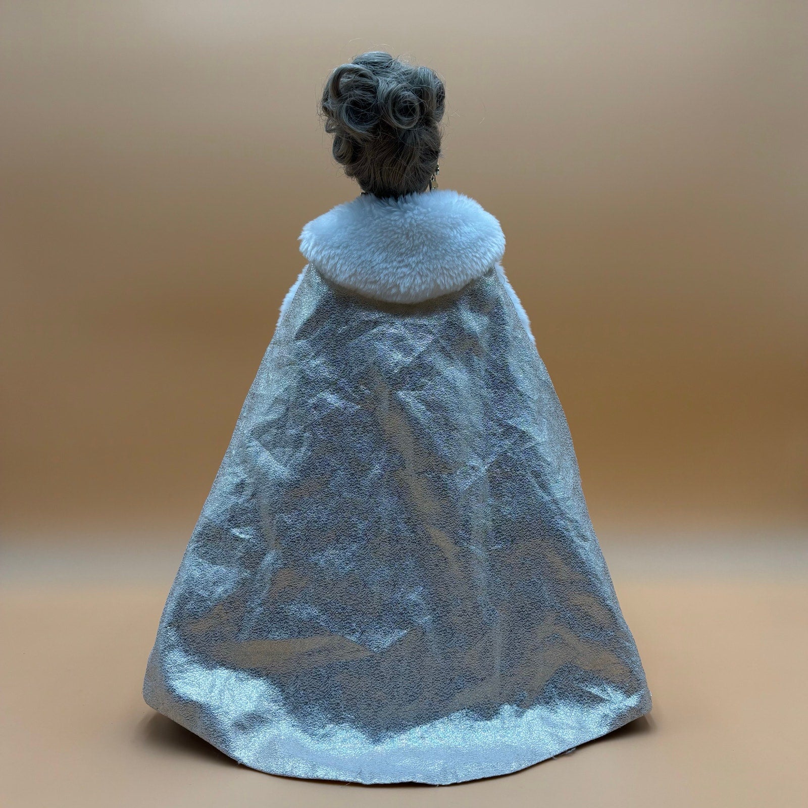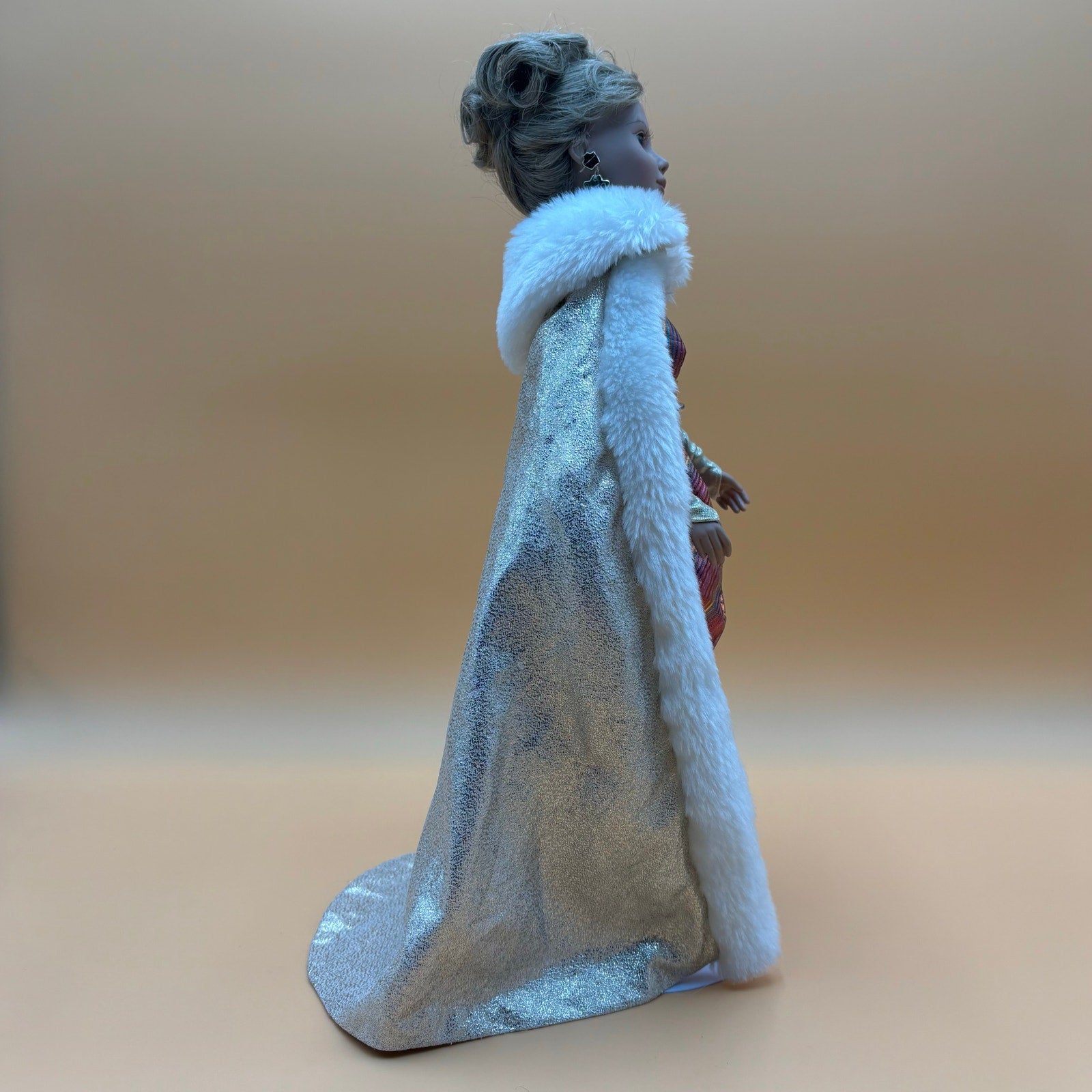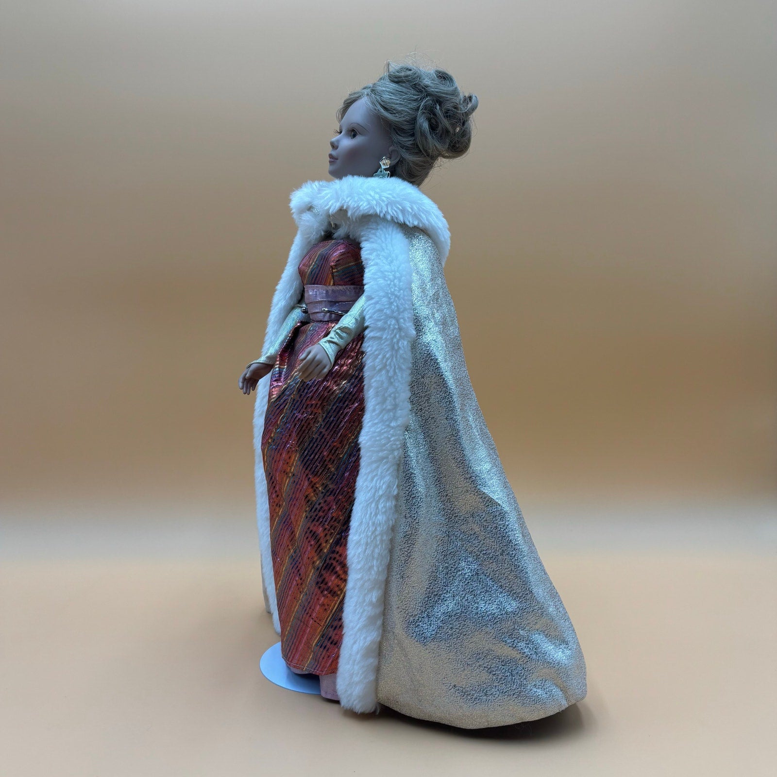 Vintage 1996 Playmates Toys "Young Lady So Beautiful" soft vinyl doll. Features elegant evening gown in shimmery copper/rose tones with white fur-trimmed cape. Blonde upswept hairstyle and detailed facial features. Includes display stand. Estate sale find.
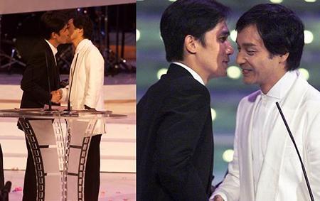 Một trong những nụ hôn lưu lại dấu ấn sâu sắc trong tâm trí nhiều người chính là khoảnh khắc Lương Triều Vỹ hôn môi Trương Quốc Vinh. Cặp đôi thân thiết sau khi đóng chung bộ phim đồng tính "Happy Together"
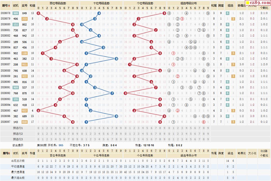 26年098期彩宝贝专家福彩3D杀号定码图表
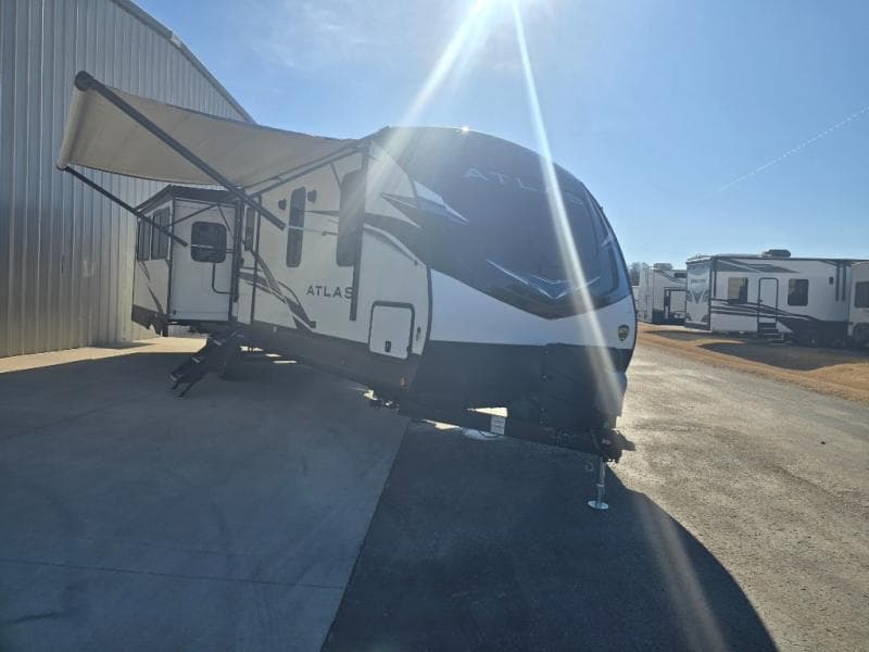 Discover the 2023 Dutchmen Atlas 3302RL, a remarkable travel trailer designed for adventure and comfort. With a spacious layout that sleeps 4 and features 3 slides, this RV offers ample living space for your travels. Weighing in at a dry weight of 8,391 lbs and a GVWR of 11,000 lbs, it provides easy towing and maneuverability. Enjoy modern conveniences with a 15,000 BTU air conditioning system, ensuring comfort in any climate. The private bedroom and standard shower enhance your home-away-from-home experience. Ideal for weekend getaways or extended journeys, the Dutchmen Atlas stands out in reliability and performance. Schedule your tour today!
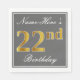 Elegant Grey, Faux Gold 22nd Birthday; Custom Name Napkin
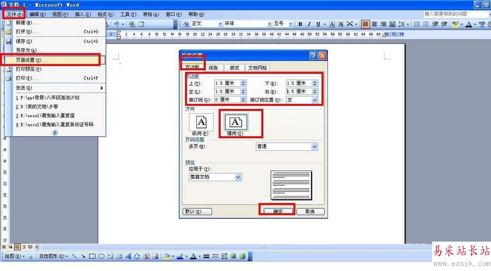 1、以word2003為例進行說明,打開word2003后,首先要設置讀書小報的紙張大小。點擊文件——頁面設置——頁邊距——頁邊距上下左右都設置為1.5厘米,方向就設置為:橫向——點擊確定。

───

◆ Your task: What you return must match the lines from the top of the data through the line with "26年098期彩宝贝专家福彩3D杀号定码图表" exactly, with the pictures removed.

◆ Task solution:
 Vintage 1996 Playmates Toys "Young Lady So Beautiful" soft vinyl doll. Features elegant evening gown in shimmery copper/rose tones with white fur-trimmed cape. Blonde upswept hairstyle and detailed facial features. Includes display stand. Estate sale find.
 Một trong những nụ hôn lưu lại dấu ấn sâu sắc trong tâm trí nhiều người chính là khoảnh khắc Lương Triều Vỹ hôn môi Trương Quốc Vinh. Cặp đôi thân thiết sau khi đóng chung bộ phim đồng tính "Happy Together"
 26年098期彩宝贝专家福彩3D杀号定码图表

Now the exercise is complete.